DATA SUPPLIED:
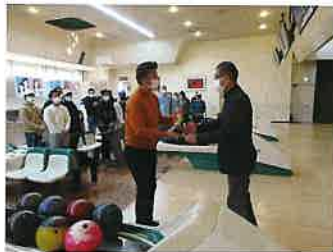
◀ 前回優勝チームにレプリカ贈呈
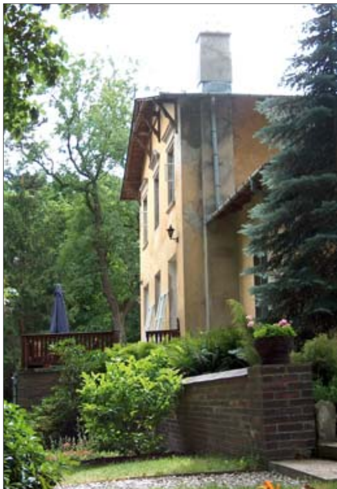
7. Willa Karolin-Marianów. Elewacja wschodnia. Fot. E. Popławska-Bukała, 2005 r.

W zachowanej części pierwotnego założenia, zaprojektowanego dla Karola Jana Szlenkiera przez Waleriana Kronenberga, ograniczonej od zachodu łąką (pierwotnie stawem), od północy rowem
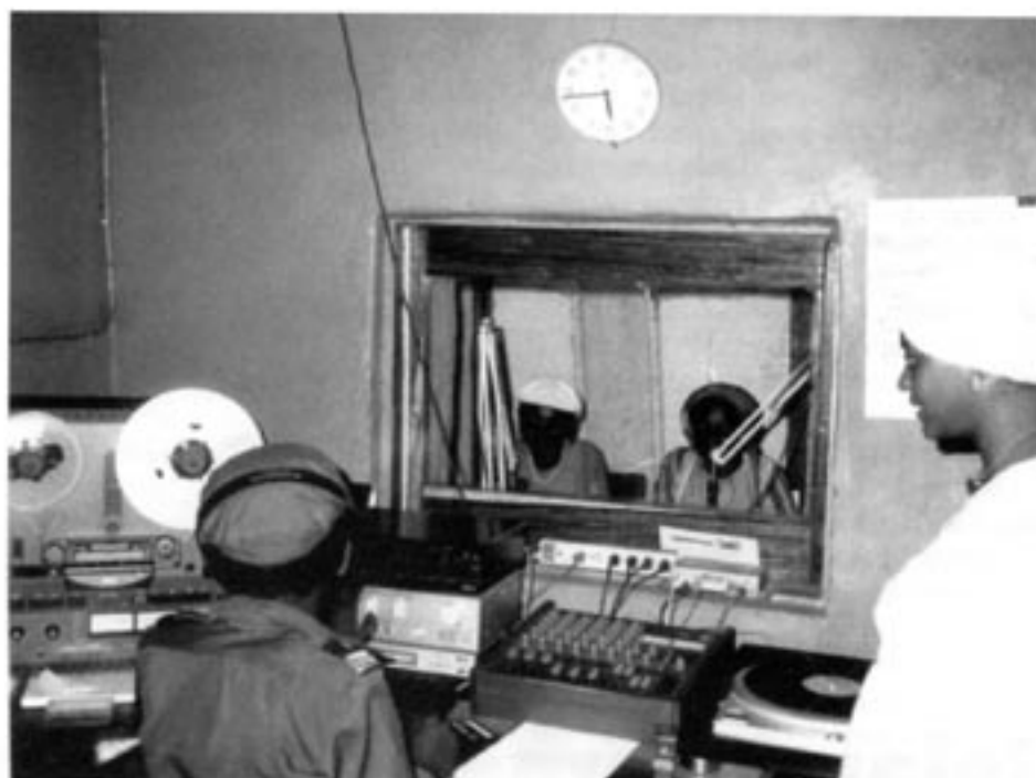
En interiör från UNITAs "Radio svarta tuppen" i det förra gerillahögkvarteret i Jamba i sydöstra Angola.

Bristen på internationellt intresse för kommunisternas våldokumenterade valfusk och våldshandlingar i samband med valen 1992 upplevdes av Jonas Savimbi och hans anhängare som chockerande. Under åren närmast efter det solkiga valet

EXERCISE DESCRIPTION:
All lines from the one containing "W zachowanej części" through the end of the entries above must be given again exactly, with every picture omitted.

WRITTEN RESPONSE:
W zachowanej części pierwotnego założenia, zaprojektowanego dla Karola Jana Szlenkiera przez Waleriana Kronenberga, ograniczonej od zachodu łąką (pierwotnie stawem), od północy rowem
En interiör från UNITAs "Radio svarta tuppen" i det förra gerillahögkvarteret i Jamba i sydöstra Angola.

Bristen på internationellt intresse för kommunisternas våldokumenterade valfusk och våldshandlingar i samband med valen 1992 upplevdes av Jonas Savimbi och hans anhängare som chockerande. Under åren närmast efter det solkiga valet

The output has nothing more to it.